Jennifer Abel officialise sa retraite

Jennifer Abel, qui n’avait que 16 ans à sa première expérience olympique, à Pékin, en 2008, aura permis d’ouvrir la voie aux plongeurs métissés.
Photo: Attila Kisbenedek Agence France-Presse Jennifer Abel, qui n’avait que 16 ans à sa première expérience olympique, à Pékin, en 2008, aura permis d’ouvrir la voie aux plongeurs métissés.

À 30 ans et après une carrière au palmarès éloquent, la plongeuse Jennifer Abel a décidé de tourner la page d’un pan important de sa vie. Et elle assure être très sereine au moment d’aborder cette nouvelle étape, elle qui deviendra maman en mai prochain.

« Je quitte le plongeon l’âme en paix, je suis très heureuse », a mentionné Abel lors d’une conversation téléphonique avec La Presse canadienne, mardi matin, après avoir fait connaître plus tôt dans la journée sa décision dans une lettre ouverte transmise aux médias.

« Je savais que c’était la fin pour moi », a-t-elle admis quant à sa participation à la finale au tremplin de 3 mètres à Tokyo, où la médaille olympique individuelle tant souhaitée lui a échappé avec une décevante huitième place.

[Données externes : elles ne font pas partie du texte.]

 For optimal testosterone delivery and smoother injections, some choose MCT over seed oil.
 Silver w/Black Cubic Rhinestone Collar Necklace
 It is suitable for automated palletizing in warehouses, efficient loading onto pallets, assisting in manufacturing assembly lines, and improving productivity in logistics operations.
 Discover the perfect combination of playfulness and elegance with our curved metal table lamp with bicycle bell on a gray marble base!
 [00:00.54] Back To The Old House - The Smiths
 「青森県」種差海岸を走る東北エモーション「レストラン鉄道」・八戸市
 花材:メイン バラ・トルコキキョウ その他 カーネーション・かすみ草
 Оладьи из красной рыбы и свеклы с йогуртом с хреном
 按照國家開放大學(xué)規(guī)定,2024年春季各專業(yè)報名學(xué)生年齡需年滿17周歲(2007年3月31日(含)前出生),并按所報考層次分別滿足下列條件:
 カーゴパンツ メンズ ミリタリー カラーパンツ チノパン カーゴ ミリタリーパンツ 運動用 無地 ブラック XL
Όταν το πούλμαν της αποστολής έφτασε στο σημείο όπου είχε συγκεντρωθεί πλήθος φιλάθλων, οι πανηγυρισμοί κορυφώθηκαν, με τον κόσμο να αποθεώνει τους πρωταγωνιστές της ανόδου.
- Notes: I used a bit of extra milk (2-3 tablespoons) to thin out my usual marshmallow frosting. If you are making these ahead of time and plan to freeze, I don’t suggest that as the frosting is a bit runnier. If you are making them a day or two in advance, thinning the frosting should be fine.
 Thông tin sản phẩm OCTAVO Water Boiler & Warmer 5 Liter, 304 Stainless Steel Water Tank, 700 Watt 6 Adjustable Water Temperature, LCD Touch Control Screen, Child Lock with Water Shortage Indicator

« Mais en même temps, il y avait des rumeurs selon lesquelles il y aurait peut-être des Séries mondiales cet automne. J’envisageais peut-être de dire au revoir lors des Séries mondiales de Montréal, mais malheureusement, elles ont été annulées en raison de la pandémie », a-t-elle confié.

Des moments difficiles

 

Malgré ses succès, la carrière d’Abel n’a pas toujours été un fleuve tranquille. Elle a notamment vécu une crise d’identité après les Jeux de Rio de Janeiro, après ses deux quatrièmes places qui lui ont brisé le cœur.

« Je suis fière de l’ensemble de ma carrière, et de tout le parcours que j’ai fait après Rio, qui m’a amenée à être fière de mes performances à Tokyo. Et ne pas avoir un goût amer, malgré le fait que j’ai terminé huitième dans l’épreuve individuelle. »

Elle avoue que sa médaille au 3 m synchro acquise avec Mélissa Citrini-Beaulieu à Tokyo s’est révélée un véritable baume après l’année et demie en dents de scie qui a précédé les Jeux.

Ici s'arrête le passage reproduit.